[originally posted here at Castalia House]
[Incidentally, Cirsova Publishing’s trade paperback of The Enchantress of Venus is out today.]
The Enchantress of Venus by Leigh Brackett appeared as the featured cover story in the Fall 1949 issue of Planet Stories. This novella is the second (chronologically the 3rd) book in the original Eric John Stark Trilogy. While Stark is pretty badass, I’d only peg him as 4th level. Also of note, this may be the first Brackett story I’ve read without a highly erotic scene of strangulation!
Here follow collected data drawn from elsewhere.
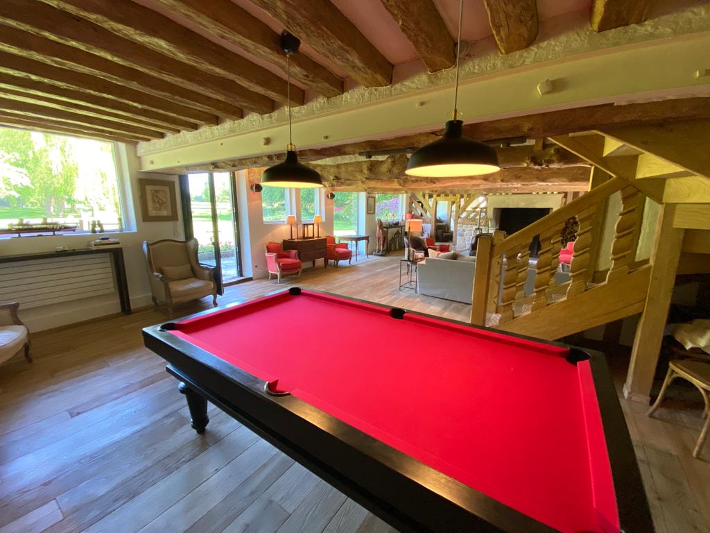La maison ouvre sur une très belle cuisine équipée faisant office de salle à manger, un très beau salon avec billard et cheminée, ouvrant sur le parc, un bureau, petit salon de lecture, ainsi qu’une chambre et une salle de bains.
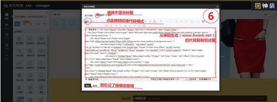 2.把自定义里面的代码粘贴到 图书所示的代码区域,一般选择去掉10px即可。然后生成代码,再复制到淘宝、天猫自定义代码模块里面。
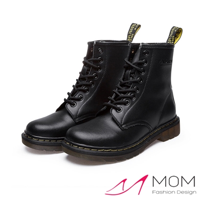 歐美經典款8孔綁帶真皮馬丁靴 短靴 工程靴 黑 |
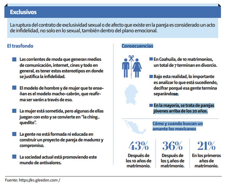 Reveló que uno de los motivos más comunes por el que las parejas acuden a la atención psicológica en el área de terapia de pareja es la infidelidad, “alrededor del 30 a 40 por ciento de la consulta que normalmente llega con nosotros, suele ser por esa causa”.
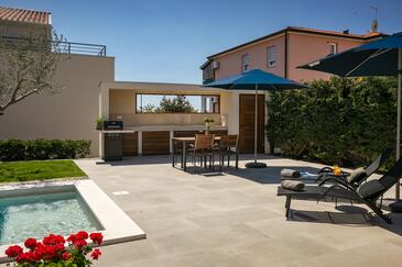Ferienwohnung bietet Platz für 4 Gäste. Die Betten sind in Schlafzimmern, die es 1 gibt, und in Wohnzimmer, innerhalb einer Gesamtfläche von 70m2, angeordnet. Die Gäste haben eine eigene Terrasse zur Verfügung, auf der sie in warmen Sommernächten genießen können. Es ist erlaubt, Speisen auf dem Gemeinschafts-Grill vorzubereiten. Während ihres Aufenthalts können sich Gäste im privaten Schwimmbad entspannen.

I’d planned to talk a bit more about plot of The Enchantress of Venus, but unlike so many of the stories featured in Short Reviews, this one is readily available online and for free as a work in the public domain, so instead I’ll focus mainly on the Enchantress herself.

Damsel clearly not in distress. That guy on the other hand…
Eric John Stark has returned to Venus in search of his friend Helvi, who has gone missing while searching for his brother. Sensing that the pirates he’d been sailing the Red Seas of Venus with are going to pull a fast one on him and sell him into slavery, Stark dives into the thick red mists. What ensues is a compelling drama about the last of a decadent and inbred family, the Lhari, who rules over the pirate port and uses the labor of captive to excavate the ruins of a lost reptilian race at the bottom of the bay, where the secrets of an ancient life-shaping weapon supposedly rests.
Enchantress of Venus is a slow burn compared to some of Brackett’s other stories, but the atmosphere she creates is as thick as the gaseous seas. The Lhari, particularly Varra, the titular villainess, are delicious in their cruelty, not just to those they oppress, but to each other. While Ywain’s cruelty in Sword of Rhiannon stems from striving to be more like a man, the son her father didn’t have but needed to hold onto the empire, Varra’s cruelty comes from a place that is utterly feminine and biologically needy – the Lhari are dying out in no small part because they are horribly in-bred, as they look down on the other races and will not mix with them; Varra knows that if she’s to have any future as a ruler, it will not be as her cousin’s bride.